* Work to be completed *
Copy the lines below as they are; omit the images they contain.
[[ Data extract open ]]
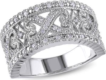 Step into an era of delicate beauty and graceful sophistication with this enchanting ring. Crafted in luminous sterling silver, the intricate filigree detailing creates a light, lace-like pattern that feels both vintage and timeless. This piece offers an exquisite sparkle and speaks to refined elegance, making it a cherished treasure for generations to come. It's the perfect way to add a touch of antique charm and brilliant shimmer to your hand.
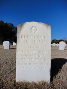 Dittrich, Rudolph Reinhold “Rudy” born 28-03-1924, in Muldoon, Fayette County, Texas, United States, to Anna C, born Ripper .and Ferdinand J. Rudy had one brother Otto Ferdinand Dittrich (1918–2008) Otto enlisted in the United States Army 01-06-1942 and served with the 81st Infantry Division nickname “Wildcat” under command of Major General Paul John Mueller
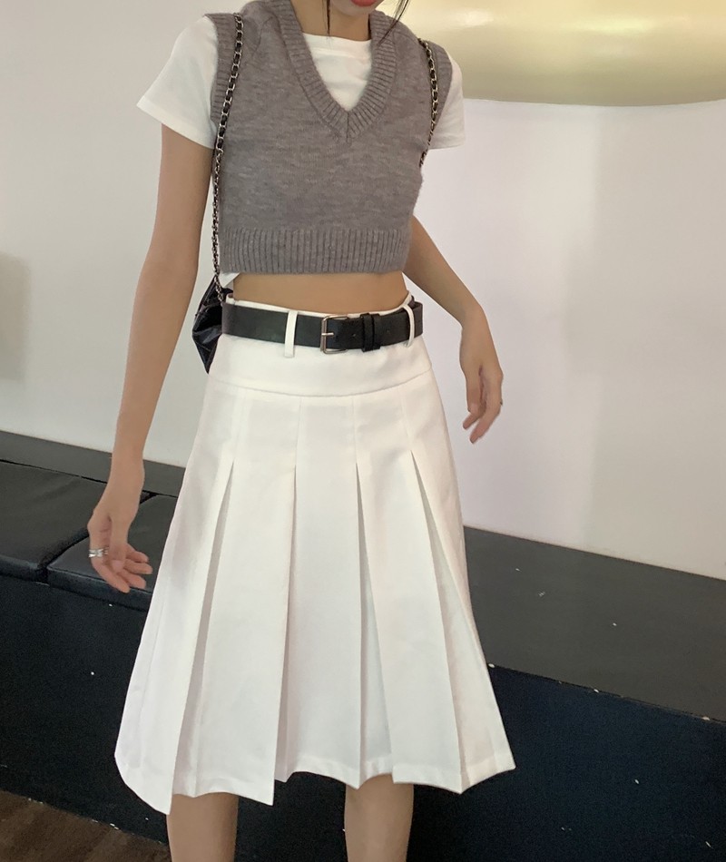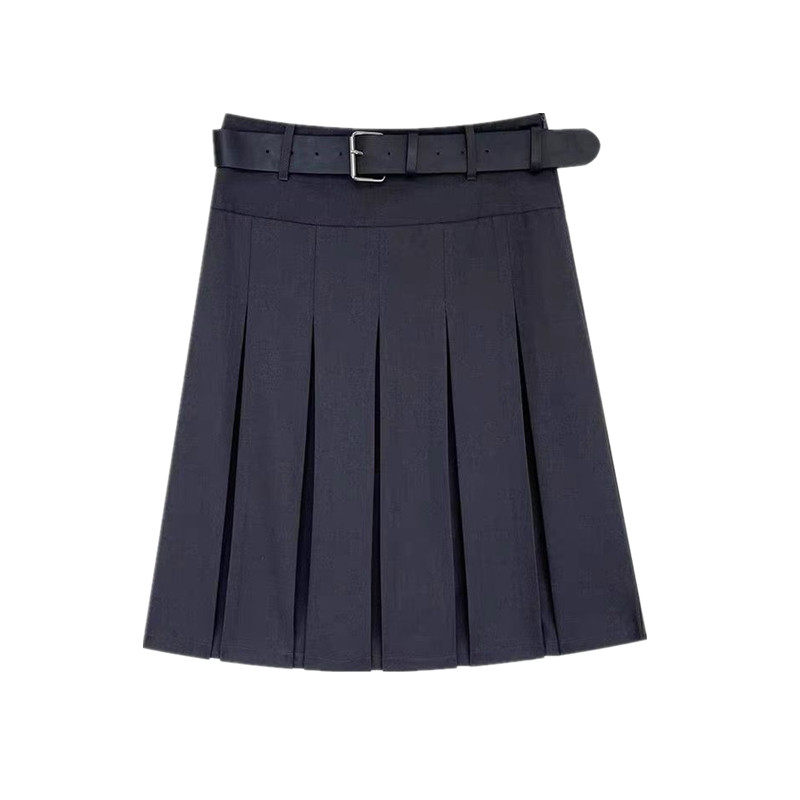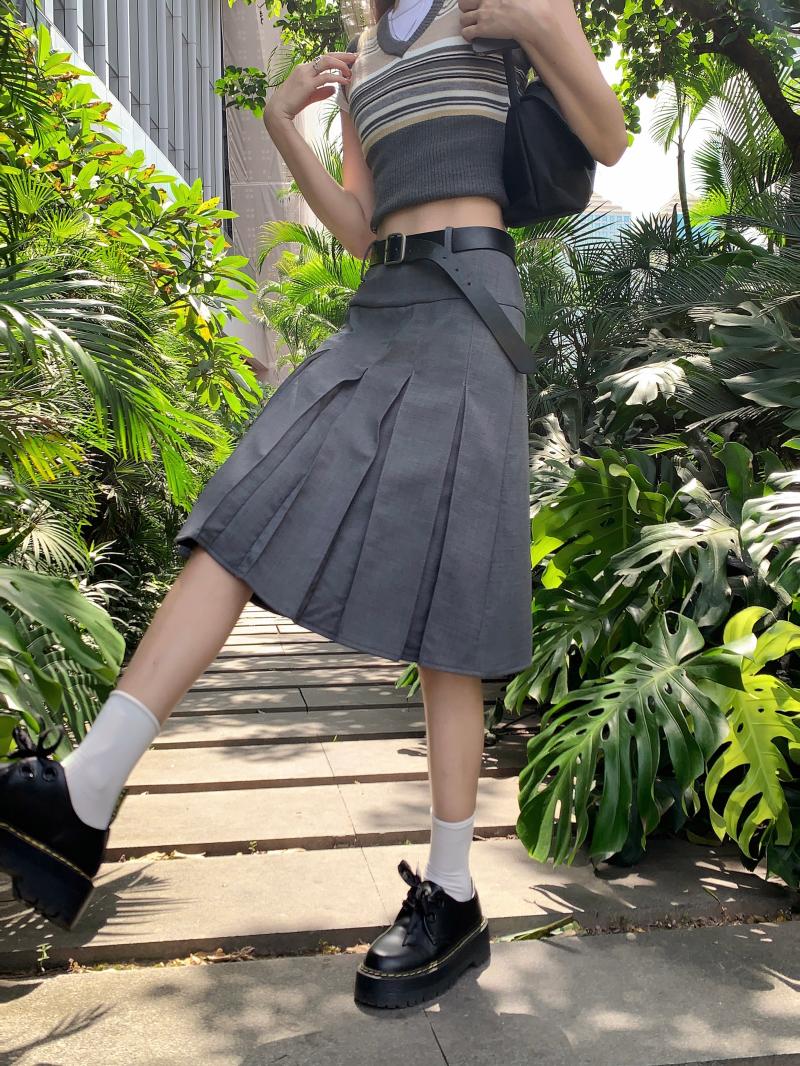 大码高腰学院风西装百褶裙女灰色中长款秋显瘦设计感a字裙半身裙
[[ Data extract closed ]]
* Answer for the task *
 Step into an era of delicate beauty and graceful sophistication with this enchanting ring. Crafted in luminous sterling silver, the intricate filigree detailing creates a light, lace-like pattern that feels both vintage and timeless. This piece offers an exquisite sparkle and speaks to refined elegance, making it a cherished treasure for generations to come. It's the perfect way to add a touch of antique charm and brilliant shimmer to your hand.
 Dittrich, Rudolph Reinhold “Rudy” born 28-03-1924, in Muldoon, Fayette County, Texas, United States, to Anna C, born Ripper .and Ferdinand J. Rudy had one brother Otto Ferdinand Dittrich (1918–2008) Otto enlisted in the United States Army 01-06-1942 and served with the 81st Infantry Division nickname “Wildcat” under command of Major General Paul John Mueller
 大码高腰学院风西装百褶裙女灰色中长款秋显瘦设计感a字裙半身裙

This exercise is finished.